I found what was wrong in my posts not being allowed. I did not enter the email address!
My apologies to Dr. Divakar and professor Samarajiva for complaining. Thank you Divakar for letting me know about the new requirement of the email address. (Hmmm… that means all those pseudonym posts actually come from real addresses? or could the email address be false too?)
If you both as administrators object to my further using this system, please let me know. I will then thank you for letting me use your resources thus far and write my comments at:
http://groups.google.com/group/SinhalaUserGroup
Under the heading:
A Standard Sinhala for Computers and the Internet
—————————————————–
Now to the business of replying:
SOMEONE SAID THAT THAI UNICODE PAGE IS BEHIND SINHALA:
———————————————————————-
That is true. But Thais are defying Unicode and use Latin code points in their national standard. The reason they give is simple. They want Thai message to pass through all Internet roadblocks. RFC822 and its successors permit only Latin-1.
I say we can do the same but in a less confrontational way because we are a little island. Just use romanized Sinhala and use fonts to show romanized Sinhala in Sinhala script. It works.

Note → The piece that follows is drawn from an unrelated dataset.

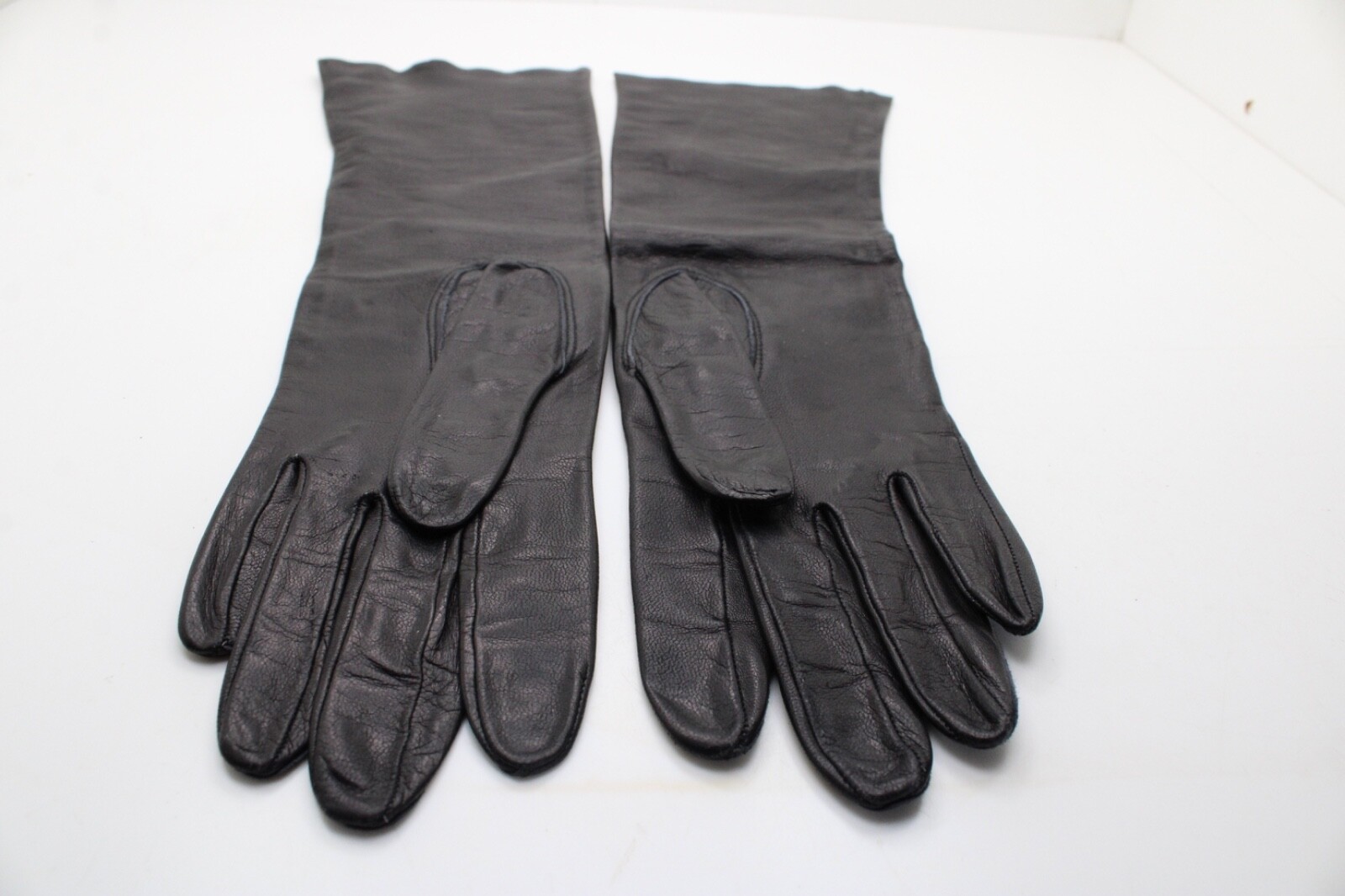 как выглядит Vintage Miss Aris Black 3/4 Length Leather Gloves Size 6 Not Lined 14" Long фото
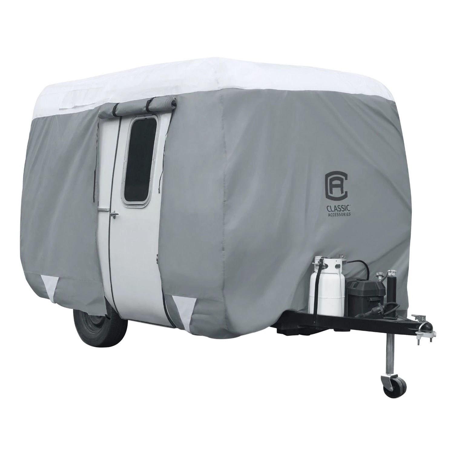 Over Drive PolyPRO3™ Deluxe Gray with White Roof Travel Trailer Cover by Classic Accessories®. Durable PolyPRO3 RV covers provide streamlined, strong protection that stands out from the pack. Max Weather Protection with 3-Ply Poly Fabric Roof RV Cover. Durable PolyPro 3 RV covers provide all season weather protection. Heavy duty, triple ply PolyPro 3 fabric tops and quick drying PolyPro 1 sides protect while reducing bulk. Keep your trailer in mint condition with this high quality trailer cover made for you to enjoy all the comforts of home away from home. Whether you are looking for a cover for mild, moderate or severe weather conditions.

We need some programming to make it work in older computers too. For some people, money matters and some others cannot afford new computers.
So, those who are ardent supporters of Unicode use Unicode. And those who want full IT capabilities for the script use romanized Sinhala. It can support Wijesekera keyboard too. And there can be transliteration between the two.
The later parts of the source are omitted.